Dade wrote:That's a long, well articulated post and I agree with almost all of it but, nowhere in it do you even try to make the claim that unemployment is not lower today than it was when Barry took office. It was a lot of talk with no actual conclusion. Of course, we're used to that from you.
See.....numbers are numbers. When simply trying to know if the rate has risen or dropped, it does not matter how we calculate the unemployment rate as long as we're consistent in our method. In other words, any method used will show the same arc of progress or decline.
Is it OK to believe it now that shadowstats.com has confirmed it?
Actually, no. Shadow Stats illustrates the absurdity and inconsistency in the government's methods over time. They compare the government's official numbers of today with what the official numbers would be had they kept using the same methodology as in the past. They just use their own numbers against them. That's all it really sets out to accomplish. It never says the government's methodology in the past was correct, it simply peels back the onion and illustrates how ridiculous we are for trusting anything they say...whether it's the numbers from today, or the numbers from yesterday.
I actually did dispute the notion that "unemployment is getting better", because the factors I consider accurate don't agree with that notion.
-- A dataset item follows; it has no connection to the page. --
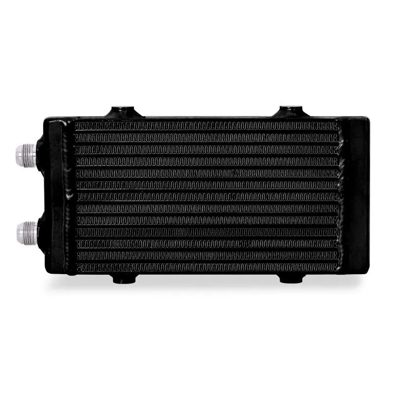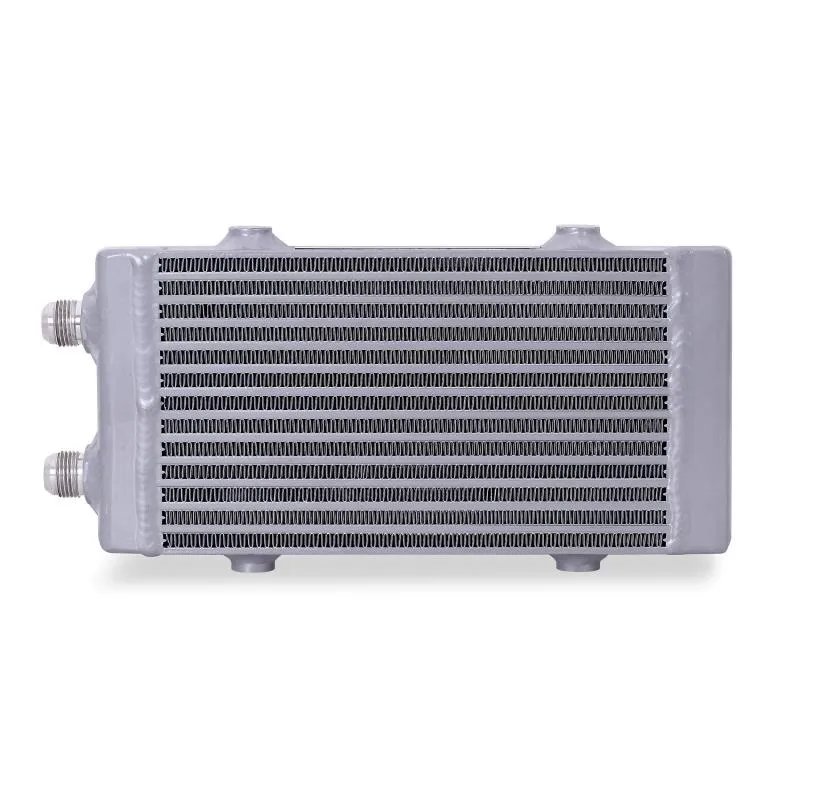 As anyone who’s spent some time on the track will tell you, one of the most important things to keep under control while pushing the limits of your vehicle is oil temperature. Oil that gets too hot will lose its viscosity, which is the very characteristic that makes it thick, slippery, and useful for lubrication. Adding a Mishimoto race oil cooler to your ride will ensure that your oil stays cool enough to do its job, extending the life of the high-wear components within your block and letting you focus not on keeping things cool, but taking home the checkered flag. Available in your choice of sleek silver or stealth black, this particular oil cooler features a dual pass core – oil enters one side, travels around the core, and exits again on the same side. Ideal for tight situations, Mishimoto’s small dual pass oil cooler will help keep temperatures in check while you shoot for the podium finish.

The factor that is concerning me most is the fact that population growth has been outpacing employment growth since 2006, and that the job growth we have seen is unproductive and low-paying work, which compounds the issue at the core. If today you have 500 people and 100 jobs, and tomorrow you have 550 people and 105 jobs, the unemployment situation is worse, not better. You can say, "we added 5 jobs" all you want, but that's nothing but spin doctory. The US population growth rate is about 1% per year, which is more than 3 million per year....so unless we're adding 3 million jobs per year every year, plus adding back the jobs that are previously eliminated, unemployment is still getting worse. (This is crude, and open for hair-splitting attacks, but you see where I'm going....)
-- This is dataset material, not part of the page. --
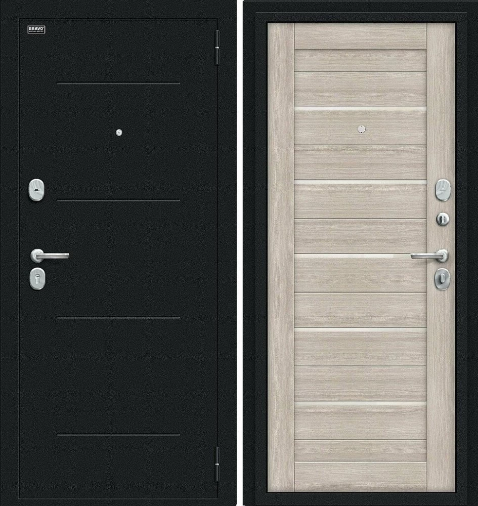Надежная входная Браво Техно Kale Букле черное/Cappuccino Veralinga премиум класса по цене 34 009 руб. Большая толщина стали защитит от проникновения в ваш дом, квартиру или коттедж. Используется очень качественная фурнитура: замки, цилиндры, ручки, защелки. Покрытие и отделка двери изготовлено под внимательным контролем производителя. Дверь имеет долгий срок службы и гарантию.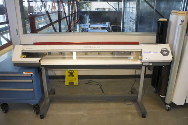 Utilicé el VersaCamm Software para alimentar a la impresora el archivo desde nuestro laboratorio aquí en el muelle 9. Cuando salió de la impresora, corte el vinilo extra y echar en un cubo de chatarra para que otros puedan usar en el futuro.

So, what I'm getting at, is when you cut out all the silly politicial linguistic analytic games, and redefinitions and hair-splitting of what "unemployment" means, the only objective ratio is total jobs to total population. And total jobs to total population is worse than when Barry took office. And as I said, the earning power of those jobs, and the net worth of the people in the total work force (which is what REALLY counts), has been eroding at an even faster rate.